Wondering where to get started with building your Test Body? Read our tips below on types and characteristics of test data.
Types of Test Data
Category | Description | Recommendations | Tips/Examples |
Smoke | Tiny data sources that complete in a short amount of time. Useful to "smoke out" basic issues before kicking off on a broader set of data. | All pipelines should have 1 (or more) smoke datasets that you can comfortably run | If you don't have in-house smoke data, consider downsampling or subsampling existing data.
Ex: PhiX sequencing data, heavily downsampled or subsampled FASTQ/BAM input |
Representative | Datasources that are representative of the data your application is likely to see in the field. | If your application can be applied to different types or categories of data, or is expected to operate on data ranging across a spectrum of characteristics (size, complexity, etc), be sure to include datasources representing each of the major conditions. Tag them and/or place into datasource groups accordingly. | Consider having both Core and Extended groups of representative data, with the latter including multiple sources per category or more comprehensive spectrum coverage. |
Small | Small (and fast-executing) versions of your realistic test data. | Useful during active development for pipelines with long execution times scaling with data size. Provides greater insight than a basic smoke test. | If you don't have in-house small data, consider downsampling or subsampling representative data.
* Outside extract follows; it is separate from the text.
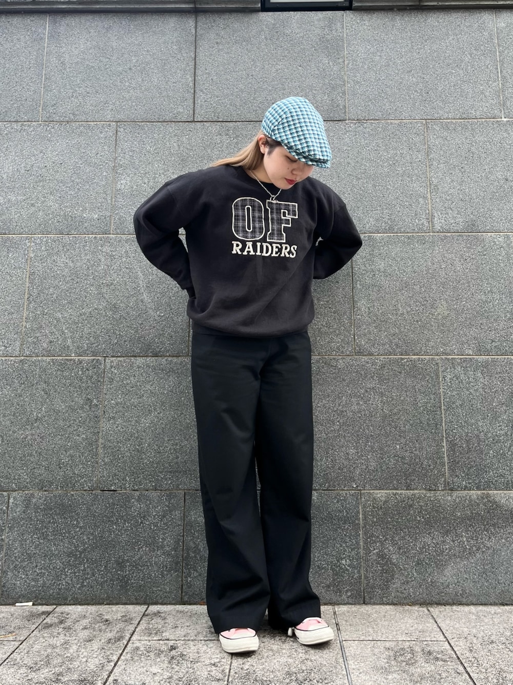 ブラックコーデに靴と帽子でカラーを入れてアクセントにしました︎︎︎︎⭐️ チェックのハンチングデザインもカラーもとっても可愛いです🩵

Ex: smaller sequencing runs, regional/chromosomal subsampling |
Challenge/Stress | Data that is outside the bounds of your expected inputs or claims, but near enough that it could conceivably be faced in the field or provides a buffer for your recommended inputs. | Establish reasonable expectations and boundaries of field data and test just outside those boundaries. Allow for failures and use the results to inform your release notes. | Ex: large or computationally complex datasources |
Targeted | Data that is known to contain characteristics of interest, based on known issues, field input, feature development, high-risk or high-impact features. | Can be full-size or sub-sampled, synthetic or real. Allow for failures and use the results to inform your release notes. | Ex: synthetic data to test variant classes not covered in available real data, datasources related to issues or customer questions in the field and/or led to a bugfix or feature addition, sub-samples of large data to target problematic or high-impact areas. |
Characterization
Truth-Based Characterization
There are three levels of truth-based characterization:
Fully Characterized
Partially Characterized
Uncharacterized
There is no reason to restrict your Test Body to only fully characterized datasources. You can still derive modified accuracy statistics and comparative statistics from partially characterized sources, and incrementally add truth information to partially characterized or uncharacterized sources through curation over time.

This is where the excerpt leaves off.